In 2010, a partial MOX fuel core was loaded into the No.3 reactor for the cycle beginning 24 February 2010.

===Maintenance in 2011===
On Sunday 4 September reactor no. 1 was shut down for regular inspections. These check-ups would last at least three months. At that time reactor No.3 was also shut down, although the normal inspections were long time finished before September. To resume operation, a stress test was required for all suspended reactors by the government, after the accidents in Fukushima. The Ehime prefectural government said it would decide whether to approve the resumption of operations after the results of the safety test came out. The Shikoku Electric Power Company said that if the No. 3 reactor did not resume operations, power supplies would be very tight in winter when electricity demand would be high. It was considered to restart a thermal power-plant which had been long out of use.

===Nuclear evacuation drill held in 2012===
In February 2012 an evacuation drill was held in the prefecture Ehime and Shimane. The drill was done to mimic the situation of a reactor cooling failure after a huge earthquake. The evacuation-zones were expanded from 10 to 30 kilometers after the disaster in Fukushima Daiichi nuclear power plant. In this evacuation drill some 10.000 people were taken out of the area round the nuclear power plant, with buses, helicopters and boats of the Maritime Self-Defense Force. The residents in the town of Ikata, commanded by disaster announcements on the radio to gather at a junior high school. From there they were taken by buses to a shelter some 50 kilometers further. This drill was the first executed on this scale, and it was also the first time that so many people were evacuated out from their town.

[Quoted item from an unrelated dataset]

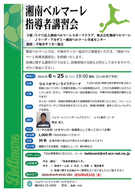 湘南ベルマーレでは、2016年6月25日(土)に馬入ふれあい公園ひらつかサン・ライフアリーナにて平塚市サッカー協会のご後援をいただき、「湘南ベルマーレ指導者講習会」を開催いたします。
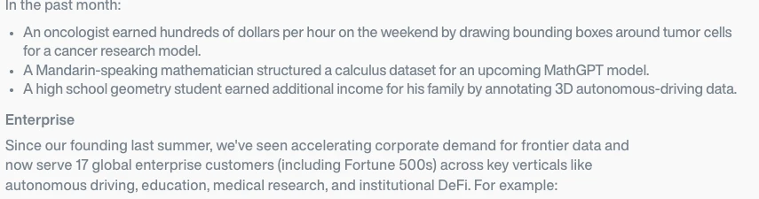 其中特别值得关注的是Sapien与Midjourney的合作。作为AI图像生成领域的头部项目,Midjourney一直以产出高质量AI图片享誉盛名,这也意味着其对图像绘画数据的质量要求极高。只有基于大量高质量素材训练,才能诞生好用的AI绘图功能。Midjourney选择Sapien作为数据供应商,充分验证了Sapien高质量数据采集机制的可行性。

===Unit 3 restart in 2016===
On 19 April 2016, unit 3 received from NRA the final approval to restarting. On 27 June, Shikoku Electric completed loading 157 fuel assemblies, of which 16 uranium-plutonium mixed oxide (MOX). Unit 3 achieved criticality on 13 August and resumed commercial service on 7 September. However, on 13 December 2017 the Hiroshima High Court revoked the lower court decision, ordering the close of the unit until the end of September 2018. Shikoku Electric plans to appeal. The dispute centres on the evaluation of earthquake risk under the stricter post Fukushima regulations. In January 2020 the High Court passed a further injunction against the operation of unit 3, again in part because an active fault nearby could not be ruled out as a full geological survey of the area had not been conducted.

===Unit 3 restart in 2021===
In March 2021, the Hiroshima High Court revoked the injunction, following an appeal by the plant operator, clearing it to resume operations. The court said residents bear the burden of proof for risks posed by the nuclear plant. The plant operator then planned to restart the reactor in October. Unit 3 was eventually restarted on 2 December 2021.

==In popular culture==

A screenshot of Godzilla approaching Ikata Nuclear Power Plant in the 1995 film Godzilla vs. Destoroyah.

In the film Godzilla vs. Destoroyah (1995), Godzilla, suffering from nuclear meltdown, approached the nuclear plant for energy, emerging from below the surface of the Bungo Channel. The Japan Self Defense Forces are deployed to stall Godzilla and defend the facility, fearing that a direct attack against him could cause a nuclear explosion and destroy the planet. Thankfully, the Super X-III aircraft comes to the rescue and temporarily freezes Godzilla before he can begin attacking the power plant.